WORK ITEM
From the line containing "Based on tournament" down to the line containing "- 숙종실록 숙종 23년 윤 3월 1일 1번째 기사", copy out the entries below exactly, both lines included, and nothing else; pictures do not belong in the copy.

INPUT DATA

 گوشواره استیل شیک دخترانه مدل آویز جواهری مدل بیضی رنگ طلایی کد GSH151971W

--

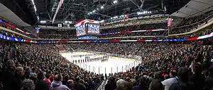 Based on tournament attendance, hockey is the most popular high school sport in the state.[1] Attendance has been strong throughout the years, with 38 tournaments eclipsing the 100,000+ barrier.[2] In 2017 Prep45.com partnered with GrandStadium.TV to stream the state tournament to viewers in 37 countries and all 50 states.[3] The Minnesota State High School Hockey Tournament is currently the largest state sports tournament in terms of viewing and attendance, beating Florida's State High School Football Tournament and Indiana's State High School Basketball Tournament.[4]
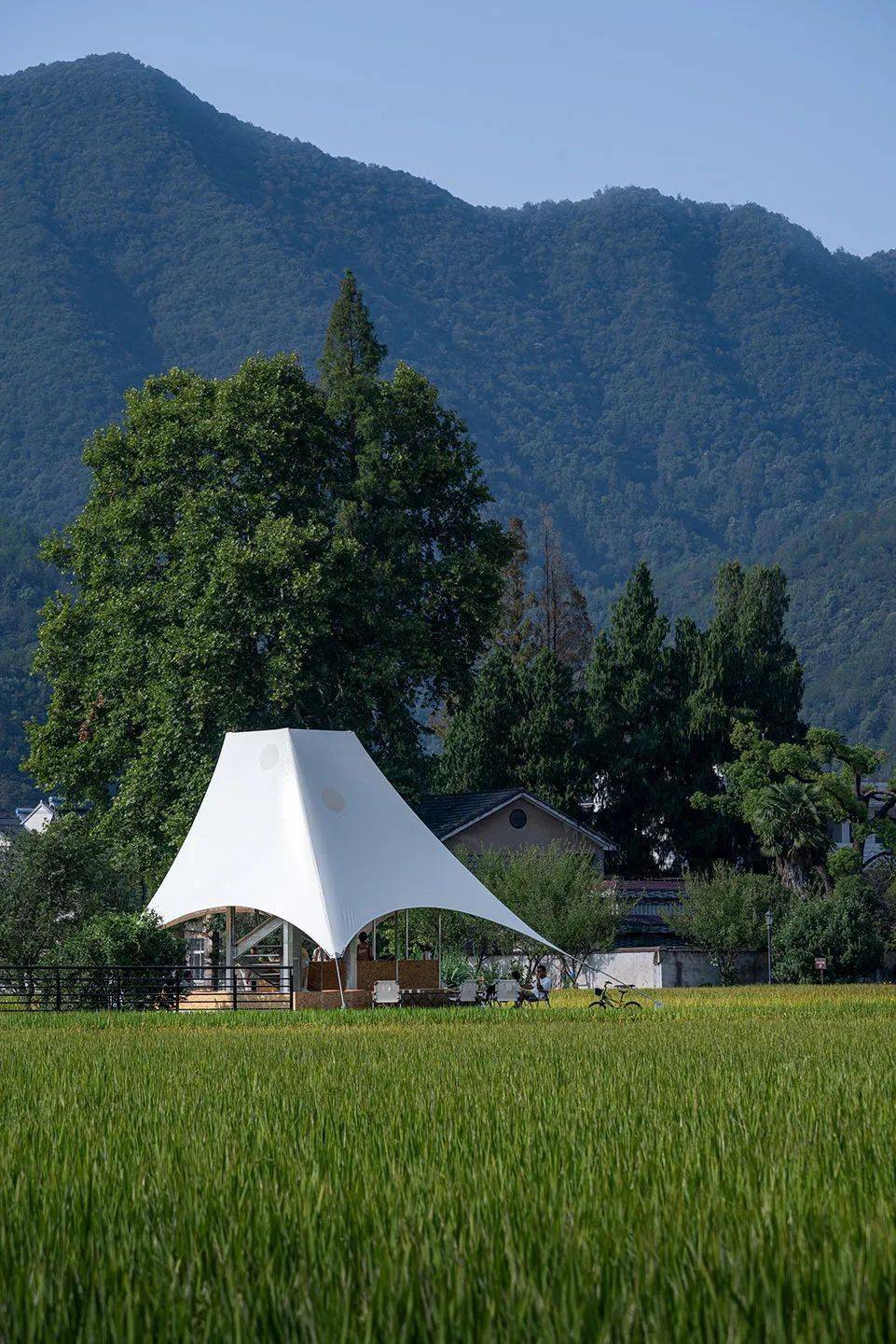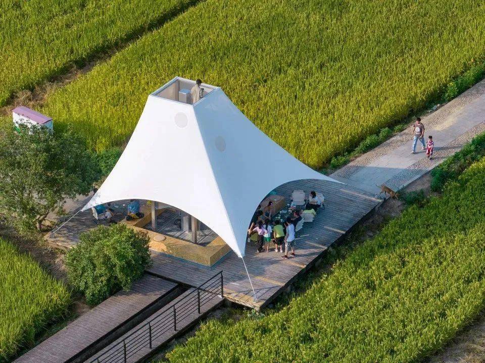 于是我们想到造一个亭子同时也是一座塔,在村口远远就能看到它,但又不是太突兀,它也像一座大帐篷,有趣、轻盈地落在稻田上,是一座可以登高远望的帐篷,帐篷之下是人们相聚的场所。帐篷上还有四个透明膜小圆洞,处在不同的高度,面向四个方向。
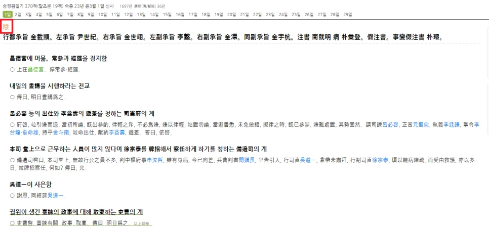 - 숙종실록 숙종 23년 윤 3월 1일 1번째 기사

---

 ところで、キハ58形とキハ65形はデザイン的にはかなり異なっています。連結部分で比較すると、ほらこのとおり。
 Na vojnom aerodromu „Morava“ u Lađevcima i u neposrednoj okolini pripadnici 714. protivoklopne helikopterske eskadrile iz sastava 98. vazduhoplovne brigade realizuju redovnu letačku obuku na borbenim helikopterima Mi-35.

RESULT OF THE TASK
 Based on tournament attendance, hockey is the most popular high school sport in the state.[1] Attendance has been strong throughout the years, with 38 tournaments eclipsing the 100,000+ barrier.[2] In 2017 Prep45.com partnered with GrandStadium.TV to stream the state tournament to viewers in 37 countries and all 50 states.[3] The Minnesota State High School Hockey Tournament is currently the largest state sports tournament in terms of viewing and attendance, beating Florida's State High School Football Tournament and Indiana's State High School Basketball Tournament.[4]
 于是我们想到造一个亭子同时也是一座塔,在村口远远就能看到它,但又不是太突兀,它也像一座大帐篷,有趣、轻盈地落在稻田上,是一座可以登高远望的帐篷,帐篷之下是人们相聚的场所。帐篷上还有四个透明膜小圆洞,处在不同的高度,面向四个方向。
 - 숙종실록 숙종 23년 윤 3월 1일 1번째 기사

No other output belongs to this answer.